■ Given data ■
┄┄┄┄┄┄
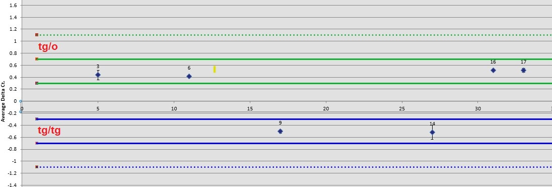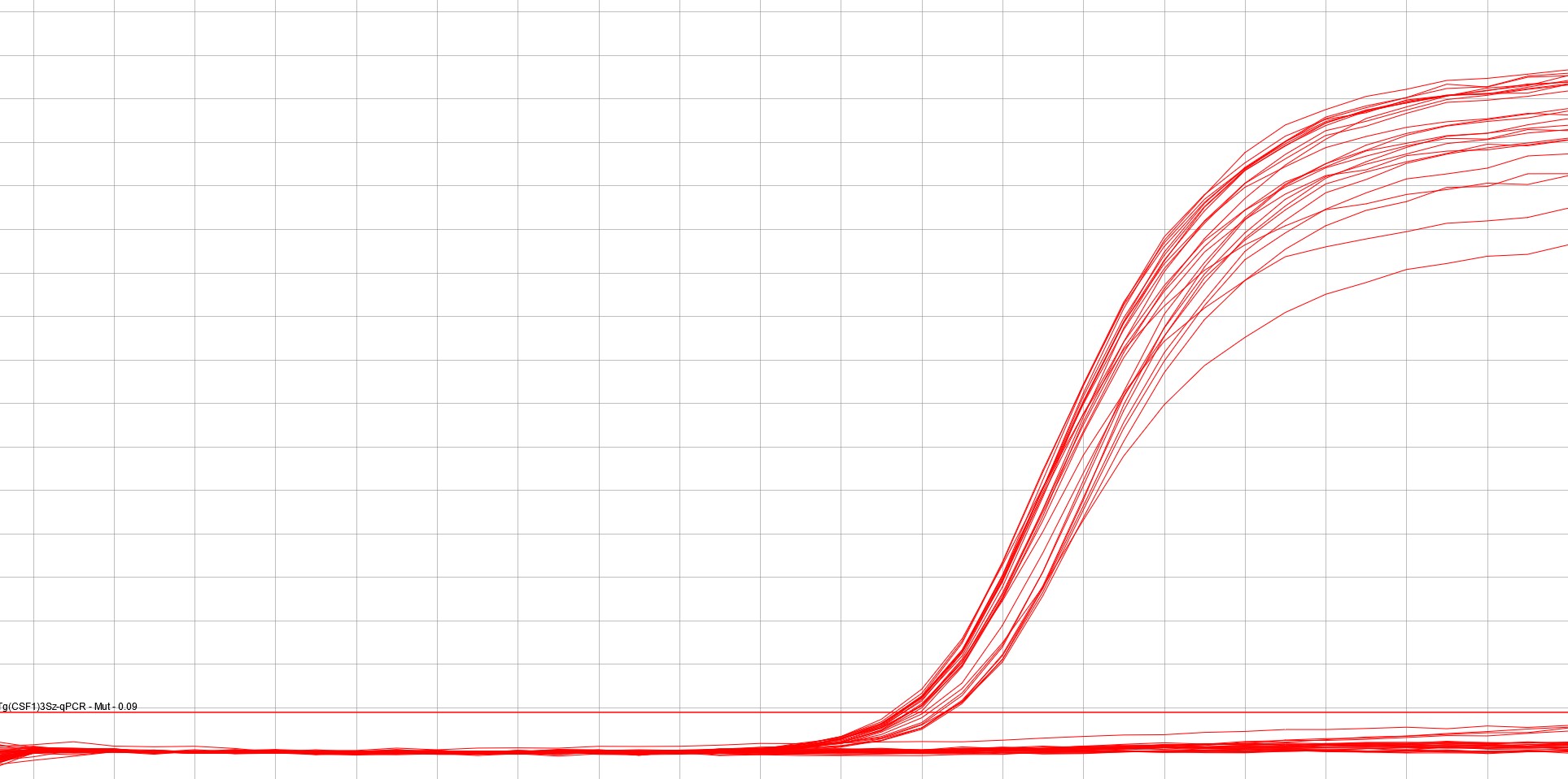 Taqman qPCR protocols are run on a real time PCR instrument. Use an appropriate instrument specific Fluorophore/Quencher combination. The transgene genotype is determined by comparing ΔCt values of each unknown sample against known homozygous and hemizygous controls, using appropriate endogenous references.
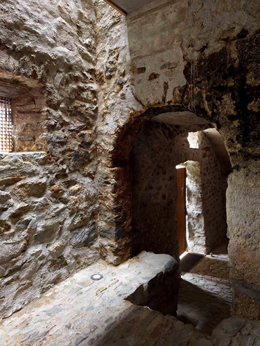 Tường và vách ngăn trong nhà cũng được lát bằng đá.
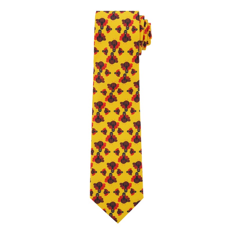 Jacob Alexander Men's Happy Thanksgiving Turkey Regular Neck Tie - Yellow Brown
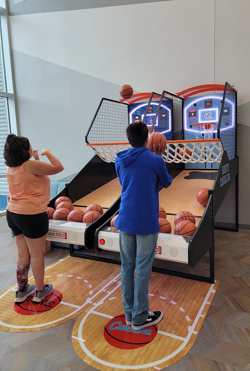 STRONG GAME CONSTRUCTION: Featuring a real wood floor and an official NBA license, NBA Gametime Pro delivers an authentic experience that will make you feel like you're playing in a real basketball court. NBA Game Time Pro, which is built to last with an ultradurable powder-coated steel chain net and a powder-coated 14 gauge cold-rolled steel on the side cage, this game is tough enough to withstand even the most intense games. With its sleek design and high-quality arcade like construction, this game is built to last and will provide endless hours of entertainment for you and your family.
┄┄┄┄┄┄
Would you transcribe the listing above line by line, exactly, leaving every picture out?

■ Task result ■
 Taqman qPCR protocols are run on a real time PCR instrument. Use an appropriate instrument specific Fluorophore/Quencher combination. The transgene genotype is determined by comparing ΔCt values of each unknown sample against known homozygous and hemizygous controls, using appropriate endogenous references.
 Tường và vách ngăn trong nhà cũng được lát bằng đá.
 Jacob Alexander Men's Happy Thanksgiving Turkey Regular Neck Tie - Yellow Brown
 STRONG GAME CONSTRUCTION: Featuring a real wood floor and an official NBA license, NBA Gametime Pro delivers an authentic experience that will make you feel like you're playing in a real basketball court. NBA Game Time Pro, which is built to last with an ultradurable powder-coated steel chain net and a powder-coated 14 gauge cold-rolled steel on the side cage, this game is tough enough to withstand even the most intense games. With its sleek design and high-quality arcade like construction, this game is built to last and will provide endless hours of entertainment for you and your family.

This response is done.